Ennahda says will not impose Islamic banking

Tunisia's moderate Islamists have triumphed in the first elections held after the onset of the Arab Spring, setting the tone for the electoral contests that are in the offing in a region where blazing uprisings over the last 10 months have toppled entrenched dictatorships.

The Islamist Ennahda party won 90 seats in the 217-member Assembly, which will write a new Constitution, appoint an interim government and prepare for fresh parliamentary and presidential elections, probably within a year. The leftist Congress for the Republic (CPR) won 30 seats and the centre-left Ettakatol won 21 seats, announced elections chief Kamel Jendoubu on Thursday. These elections held on Sunday, where 90 per of the registered voters polled, followed a popular uprising which ended decades of authoritarian rule led by Zine el Abidine Ben Ali.
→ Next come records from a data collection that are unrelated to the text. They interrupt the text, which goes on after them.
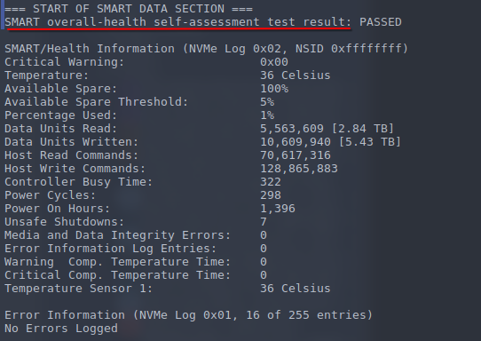 Look for the “SMART overall-health self-assessment test result” or a similar line to see if it reports “PASSED”.
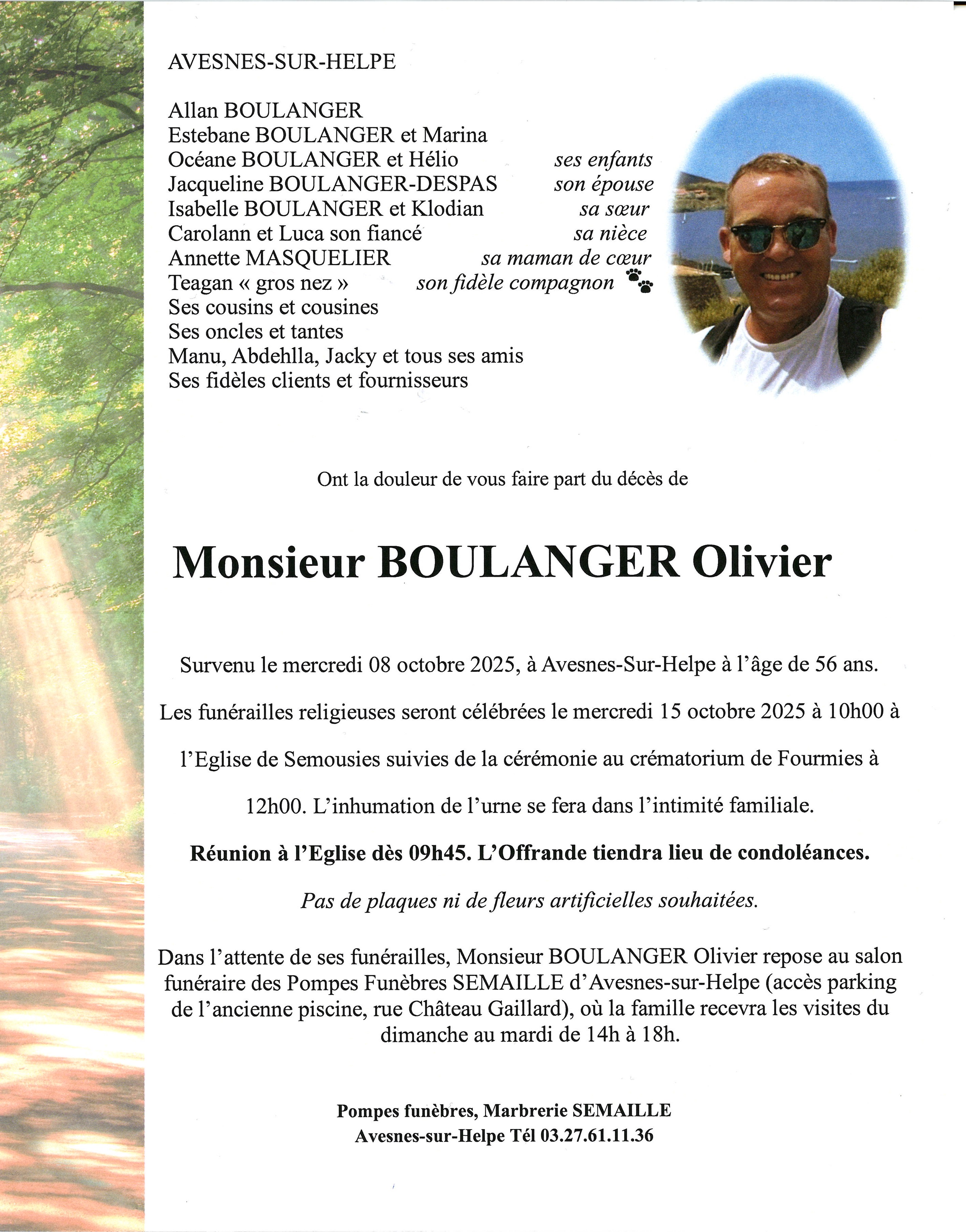 Avis de décès de Monsieur OLIVIER BOULANGER
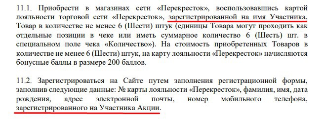 - Срок регистрации чеков и начисления баллов на карту лояльности торговой сети «Перекресток» в размере 200 баллов: в период с «17» февраля 2020 года по «31» марта 2020 г. (включительно);
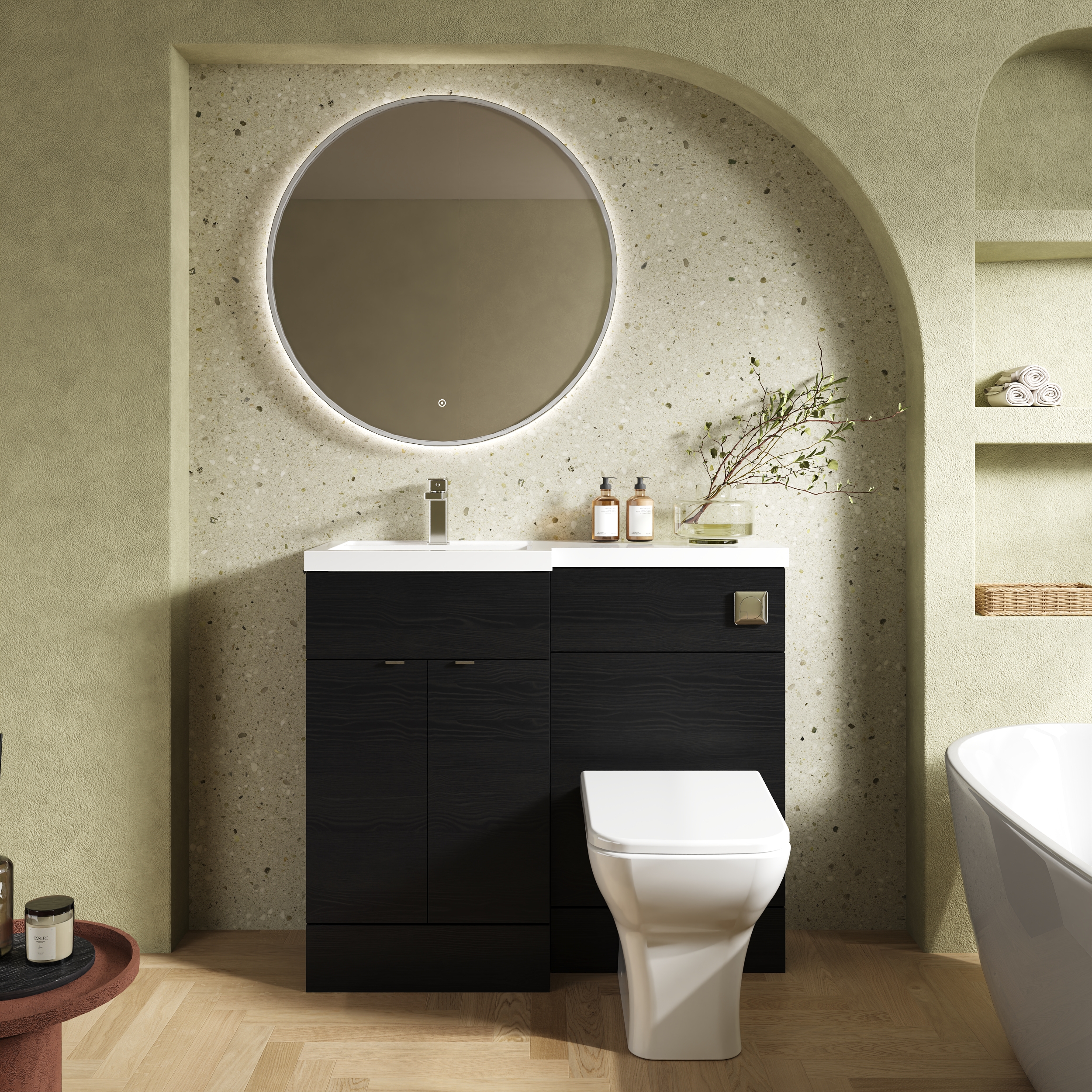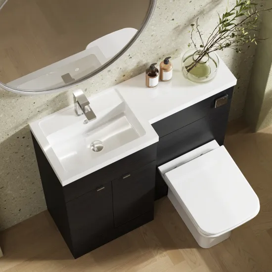 Hudson Reed Fusion Floor Standing 2 Door Vanity Basin & WC Left Hand Combination 1000mm - Hacienda Black
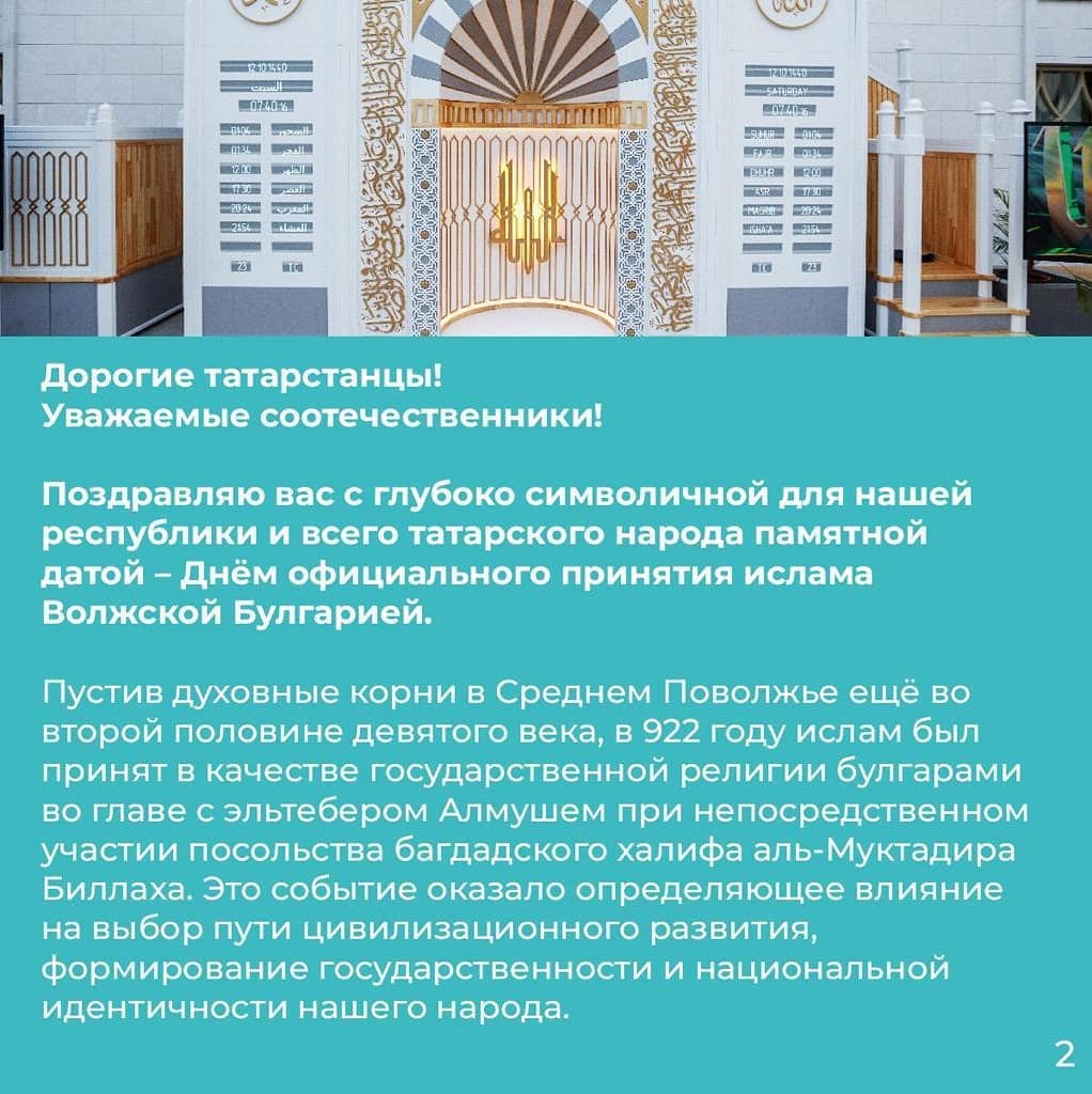 Обращение Президента Республики Татарстан Рустама Минниханова по случаю Дня официального принятия ислама Волжской Булгарией
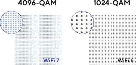 V primerjavi s 1024-QAM z WiFi 6/6E, 4096-QAM omogoča vsakemu signalu, da vključi večje količine podatkov, kar zagotavlja do 20 % učinkovitejši prenos podatkov*.
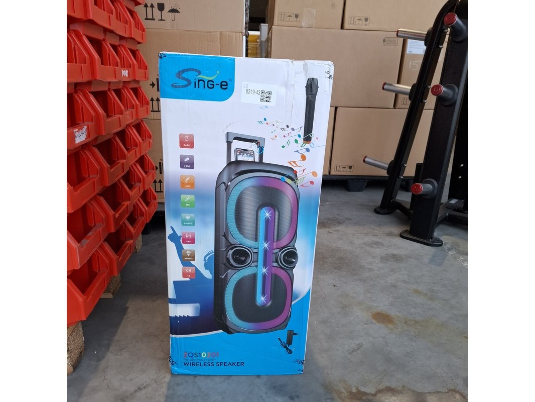 Merk: Sing-e Product: Geluidsbox Conditie: Nieuw Specificaties: 10 inch x2, output power 30W x2

Analysts say Tunisia's election results are likely to resonate in Egypt, which goes to the polls on November 28.

Ennahda's much-expected strong showing has raised concerns about the party's supposedly tepid commitment to principles of secularism and gender equality. But addressing these fears, Ennahda leader Rachid Ghannouchi said after the results were announced his party stood opposed to discrimination among nationals. “We will continue this revolution to realise its aims of a Tunisia that is free, independent, developing and prosperous in which the rights of God, the Prophet, women, men, the religious and the non-religious are assured because Tunisia is for everyone.”

Prime Minister Beji Caid Sebsi told Egypt's Al-Ahram daily that the Ennahda had done nothing that made him doubt the party's adherence to secularism and democracy. “I can't judge intentions, that's up to God,” said Mr. Sebsi. But he added: “I can only judge by what's public and so far it's positive. At the end of the day, no one can come and change things completely.”

The Prime Minister said he was hopeful that Ennahda “will rule intelligently and deal with reality. It is not necessarily a dark force. Tunisia will continue to move forward and not go against history.” To reassure foreign investors, Ennahda has declared that it would not impose Islamic banking.

Despite its strong showing, the Ennahda would be seeking an alliance to establish a stable coalition — a condition unlikely to allow it to foist a sectarian agenda. Neither the CPR nor the Ettakatol, which have trailed Ennahda, has opposed participation with the Islamists in a broader coalition. Even before the final results were out, the Ennahda had declared its intent to form an inclusive interim government.

Notwithstanding the assurances, the results provoked some violence. Around 2,000 supporters of the Areedha Chaabiya marched on the Ennahda headquarters in Sidhi Bouzid, the cradle of the Tunisian uprising, after election officials, citing financial irregularities, cancelled seats won by the right-wing party. Crowds also set on fire an Ennahda office in Meknassy, 50 km from Sidi Bouzid. Ennahda supporters are holding remnants of the former regime responsible for the violence in Sidi Bouzid, where a night-curfew has been imposed.